───── Extracted data ─────

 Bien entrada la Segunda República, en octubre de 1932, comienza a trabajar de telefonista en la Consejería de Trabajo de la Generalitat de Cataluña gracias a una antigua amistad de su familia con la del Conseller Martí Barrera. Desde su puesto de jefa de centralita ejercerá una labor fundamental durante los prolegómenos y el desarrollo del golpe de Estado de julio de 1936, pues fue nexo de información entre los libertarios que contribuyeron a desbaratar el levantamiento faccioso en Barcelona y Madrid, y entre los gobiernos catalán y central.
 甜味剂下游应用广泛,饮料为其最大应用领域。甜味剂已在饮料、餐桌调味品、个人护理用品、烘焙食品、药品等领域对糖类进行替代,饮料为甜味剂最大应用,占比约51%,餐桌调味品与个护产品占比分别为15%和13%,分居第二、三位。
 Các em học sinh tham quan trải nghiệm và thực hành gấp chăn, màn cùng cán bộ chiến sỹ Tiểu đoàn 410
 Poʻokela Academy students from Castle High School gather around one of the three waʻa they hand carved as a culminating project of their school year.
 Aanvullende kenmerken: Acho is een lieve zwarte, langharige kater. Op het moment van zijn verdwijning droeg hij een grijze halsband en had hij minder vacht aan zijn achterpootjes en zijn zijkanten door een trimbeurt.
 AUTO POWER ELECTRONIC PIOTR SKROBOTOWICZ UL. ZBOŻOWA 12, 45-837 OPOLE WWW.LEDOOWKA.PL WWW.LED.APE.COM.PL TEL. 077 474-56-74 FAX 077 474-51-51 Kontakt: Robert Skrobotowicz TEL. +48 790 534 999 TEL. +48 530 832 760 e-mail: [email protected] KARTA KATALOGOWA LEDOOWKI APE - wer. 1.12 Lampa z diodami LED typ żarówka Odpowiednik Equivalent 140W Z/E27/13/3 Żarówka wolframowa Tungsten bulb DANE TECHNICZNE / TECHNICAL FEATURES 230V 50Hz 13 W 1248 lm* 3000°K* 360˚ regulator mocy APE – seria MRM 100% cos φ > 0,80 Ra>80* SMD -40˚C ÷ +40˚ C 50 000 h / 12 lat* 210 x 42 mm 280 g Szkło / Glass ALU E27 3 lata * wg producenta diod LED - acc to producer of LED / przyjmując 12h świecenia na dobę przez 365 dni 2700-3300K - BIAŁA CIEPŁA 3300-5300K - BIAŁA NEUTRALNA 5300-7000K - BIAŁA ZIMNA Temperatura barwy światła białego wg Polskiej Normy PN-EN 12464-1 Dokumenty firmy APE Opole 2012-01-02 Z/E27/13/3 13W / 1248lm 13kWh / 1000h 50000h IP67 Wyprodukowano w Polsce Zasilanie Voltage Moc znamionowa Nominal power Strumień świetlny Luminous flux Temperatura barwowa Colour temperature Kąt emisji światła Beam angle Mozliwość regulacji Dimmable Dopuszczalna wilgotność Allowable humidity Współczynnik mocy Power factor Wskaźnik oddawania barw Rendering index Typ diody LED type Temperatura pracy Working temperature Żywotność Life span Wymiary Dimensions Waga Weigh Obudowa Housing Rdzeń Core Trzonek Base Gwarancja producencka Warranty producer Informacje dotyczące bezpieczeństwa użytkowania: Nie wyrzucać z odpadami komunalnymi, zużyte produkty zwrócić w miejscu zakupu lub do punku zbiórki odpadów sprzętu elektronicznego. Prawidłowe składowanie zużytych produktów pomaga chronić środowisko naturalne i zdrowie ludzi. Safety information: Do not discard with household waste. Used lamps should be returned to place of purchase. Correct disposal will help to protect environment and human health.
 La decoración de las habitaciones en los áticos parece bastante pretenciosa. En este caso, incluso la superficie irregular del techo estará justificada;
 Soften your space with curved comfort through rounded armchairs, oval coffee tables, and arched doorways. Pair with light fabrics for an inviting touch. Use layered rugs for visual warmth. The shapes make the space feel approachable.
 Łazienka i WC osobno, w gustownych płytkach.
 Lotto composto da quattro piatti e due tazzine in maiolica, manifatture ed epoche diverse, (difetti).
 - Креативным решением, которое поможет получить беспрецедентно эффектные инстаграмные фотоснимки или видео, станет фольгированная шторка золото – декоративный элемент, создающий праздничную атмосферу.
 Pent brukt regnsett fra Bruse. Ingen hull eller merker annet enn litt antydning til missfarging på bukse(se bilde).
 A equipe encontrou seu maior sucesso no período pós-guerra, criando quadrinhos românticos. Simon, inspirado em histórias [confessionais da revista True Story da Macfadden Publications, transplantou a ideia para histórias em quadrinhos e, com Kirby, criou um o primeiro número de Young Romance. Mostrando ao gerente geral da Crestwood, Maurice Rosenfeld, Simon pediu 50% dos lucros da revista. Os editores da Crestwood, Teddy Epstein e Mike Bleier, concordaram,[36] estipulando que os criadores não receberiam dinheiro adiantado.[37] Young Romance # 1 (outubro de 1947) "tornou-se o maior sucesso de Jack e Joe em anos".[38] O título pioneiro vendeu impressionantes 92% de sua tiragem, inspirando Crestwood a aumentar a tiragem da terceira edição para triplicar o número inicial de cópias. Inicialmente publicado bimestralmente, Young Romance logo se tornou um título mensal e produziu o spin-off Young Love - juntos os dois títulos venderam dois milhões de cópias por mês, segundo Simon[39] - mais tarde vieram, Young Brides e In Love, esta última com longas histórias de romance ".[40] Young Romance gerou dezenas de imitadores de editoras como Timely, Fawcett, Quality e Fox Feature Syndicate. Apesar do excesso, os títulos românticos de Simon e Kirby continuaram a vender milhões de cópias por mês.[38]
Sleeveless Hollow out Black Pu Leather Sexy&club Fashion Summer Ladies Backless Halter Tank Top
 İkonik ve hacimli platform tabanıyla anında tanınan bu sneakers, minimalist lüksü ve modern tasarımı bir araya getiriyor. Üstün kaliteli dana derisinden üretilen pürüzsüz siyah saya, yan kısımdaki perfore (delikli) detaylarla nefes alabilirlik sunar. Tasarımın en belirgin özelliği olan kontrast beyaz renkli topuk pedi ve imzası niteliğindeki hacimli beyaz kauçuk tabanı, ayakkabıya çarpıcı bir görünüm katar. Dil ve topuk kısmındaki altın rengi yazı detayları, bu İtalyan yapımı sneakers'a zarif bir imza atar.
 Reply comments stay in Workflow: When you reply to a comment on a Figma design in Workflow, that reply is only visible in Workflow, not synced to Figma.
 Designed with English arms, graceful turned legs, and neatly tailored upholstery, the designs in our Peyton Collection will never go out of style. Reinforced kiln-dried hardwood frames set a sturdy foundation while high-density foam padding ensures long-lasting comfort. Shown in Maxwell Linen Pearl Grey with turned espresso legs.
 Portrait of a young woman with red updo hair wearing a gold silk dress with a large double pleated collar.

─────

> Exercise:
Would you restate all of the material, word for word?

> Solution:
 Bien entrada la Segunda República, en octubre de 1932, comienza a trabajar de telefonista en la Consejería de Trabajo de la Generalitat de Cataluña gracias a una antigua amistad de su familia con la del Conseller Martí Barrera. Desde su puesto de jefa de centralita ejercerá una labor fundamental durante los prolegómenos y el desarrollo del golpe de Estado de julio de 1936, pues fue nexo de información entre los libertarios que contribuyeron a desbaratar el levantamiento faccioso en Barcelona y Madrid, y entre los gobiernos catalán y central.
 甜味剂下游应用广泛,饮料为其最大应用领域。甜味剂已在饮料、餐桌调味品、个人护理用品、烘焙食品、药品等领域对糖类进行替代,饮料为甜味剂最大应用,占比约51%,餐桌调味品与个护产品占比分别为15%和13%,分居第二、三位。
 Các em học sinh tham quan trải nghiệm và thực hành gấp chăn, màn cùng cán bộ chiến sỹ Tiểu đoàn 410
 Poʻokela Academy students from Castle High School gather around one of the three waʻa they hand carved as a culminating project of their school year.
 Aanvullende kenmerken: Acho is een lieve zwarte, langharige kater. Op het moment van zijn verdwijning droeg hij een grijze halsband en had hij minder vacht aan zijn achterpootjes en zijn zijkanten door een trimbeurt.
 AUTO POWER ELECTRONIC PIOTR SKROBOTOWICZ UL. ZBOŻOWA 12, 45-837 OPOLE WWW.LEDOOWKA.PL WWW.LED.APE.COM.PL TEL. 077 474-56-74 FAX 077 474-51-51 Kontakt: Robert Skrobotowicz TEL. +48 790 534 999 TEL. +48 530 832 760 e-mail: [email protected] KARTA KATALOGOWA LEDOOWKI APE - wer. 1.12 Lampa z diodami LED typ żarówka Odpowiednik Equivalent 140W Z/E27/13/3 Żarówka wolframowa Tungsten bulb DANE TECHNICZNE / TECHNICAL FEATURES 230V 50Hz 13 W 1248 lm* 3000°K* 360˚ regulator mocy APE – seria MRM 100% cos φ > 0,80 Ra>80* SMD -40˚C ÷ +40˚ C 50 000 h / 12 lat* 210 x 42 mm 280 g Szkło / Glass ALU E27 3 lata * wg producenta diod LED - acc to producer of LED / przyjmując 12h świecenia na dobę przez 365 dni 2700-3300K - BIAŁA CIEPŁA 3300-5300K - BIAŁA NEUTRALNA 5300-7000K - BIAŁA ZIMNA Temperatura barwy światła białego wg Polskiej Normy PN-EN 12464-1 Dokumenty firmy APE Opole 2012-01-02 Z/E27/13/3 13W / 1248lm 13kWh / 1000h 50000h IP67 Wyprodukowano w Polsce Zasilanie Voltage Moc znamionowa Nominal power Strumień świetlny Luminous flux Temperatura barwowa Colour temperature Kąt emisji światła Beam angle Mozliwość regulacji Dimmable Dopuszczalna wilgotność Allowable humidity Współczynnik mocy Power factor Wskaźnik oddawania barw Rendering index Typ diody LED type Temperatura pracy Working temperature Żywotność Life span Wymiary Dimensions Waga Weigh Obudowa Housing Rdzeń Core Trzonek Base Gwarancja producencka Warranty producer Informacje dotyczące bezpieczeństwa użytkowania: Nie wyrzucać z odpadami komunalnymi, zużyte produkty zwrócić w miejscu zakupu lub do punku zbiórki odpadów sprzętu elektronicznego. Prawidłowe składowanie zużytych produktów pomaga chronić środowisko naturalne i zdrowie ludzi. Safety information: Do not discard with household waste. Used lamps should be returned to place of purchase. Correct disposal will help to protect environment and human health.
 La decoración de las habitaciones en los áticos parece bastante pretenciosa. En este caso, incluso la superficie irregular del techo estará justificada;
 Soften your space with curved comfort through rounded armchairs, oval coffee tables, and arched doorways. Pair with light fabrics for an inviting touch. Use layered rugs for visual warmth. The shapes make the space feel approachable.
 Łazienka i WC osobno, w gustownych płytkach.
 Lotto composto da quattro piatti e due tazzine in maiolica, manifatture ed epoche diverse, (difetti).
 - Креативным решением, которое поможет получить беспрецедентно эффектные инстаграмные фотоснимки или видео, станет фольгированная шторка золото – декоративный элемент, создающий праздничную атмосферу.
 Pent brukt regnsett fra Bruse. Ingen hull eller merker annet enn litt antydning til missfarging på bukse(se bilde).
 A equipe encontrou seu maior sucesso no período pós-guerra, criando quadrinhos românticos. Simon, inspirado em histórias [confessionais da revista True Story da Macfadden Publications, transplantou a ideia para histórias em quadrinhos e, com Kirby, criou um o primeiro número de Young Romance. Mostrando ao gerente geral da Crestwood, Maurice Rosenfeld, Simon pediu 50% dos lucros da revista. Os editores da Crestwood, Teddy Epstein e Mike Bleier, concordaram,[36] estipulando que os criadores não receberiam dinheiro adiantado.[37] Young Romance # 1 (outubro de 1947) "tornou-se o maior sucesso de Jack e Joe em anos".[38] O título pioneiro vendeu impressionantes 92% de sua tiragem, inspirando Crestwood a aumentar a tiragem da terceira edição para triplicar o número inicial de cópias. Inicialmente publicado bimestralmente, Young Romance logo se tornou um título mensal e produziu o spin-off Young Love - juntos os dois títulos venderam dois milhões de cópias por mês, segundo Simon[39] - mais tarde vieram, Young Brides e In Love, esta última com longas histórias de romance ".[40] Young Romance gerou dezenas de imitadores de editoras como Timely, Fawcett, Quality e Fox Feature Syndicate. Apesar do excesso, os títulos românticos de Simon e Kirby continuaram a vender milhões de cópias por mês.[38]
Sleeveless Hollow out Black Pu Leather Sexy&club Fashion Summer Ladies Backless Halter Tank Top
 İkonik ve hacimli platform tabanıyla anında tanınan bu sneakers, minimalist lüksü ve modern tasarımı bir araya getiriyor. Üstün kaliteli dana derisinden üretilen pürüzsüz siyah saya, yan kısımdaki perfore (delikli) detaylarla nefes alabilirlik sunar. Tasarımın en belirgin özelliği olan kontrast beyaz renkli topuk pedi ve imzası niteliğindeki hacimli beyaz kauçuk tabanı, ayakkabıya çarpıcı bir görünüm katar. Dil ve topuk kısmındaki altın rengi yazı detayları, bu İtalyan yapımı sneakers'a zarif bir imza atar.
 Reply comments stay in Workflow: When you reply to a comment on a Figma design in Workflow, that reply is only visible in Workflow, not synced to Figma.
 Designed with English arms, graceful turned legs, and neatly tailored upholstery, the designs in our Peyton Collection will never go out of style. Reinforced kiln-dried hardwood frames set a sturdy foundation while high-density foam padding ensures long-lasting comfort. Shown in Maxwell Linen Pearl Grey with turned espresso legs.
 Portrait of a young woman with red updo hair wearing a gold silk dress with a large double pleated collar.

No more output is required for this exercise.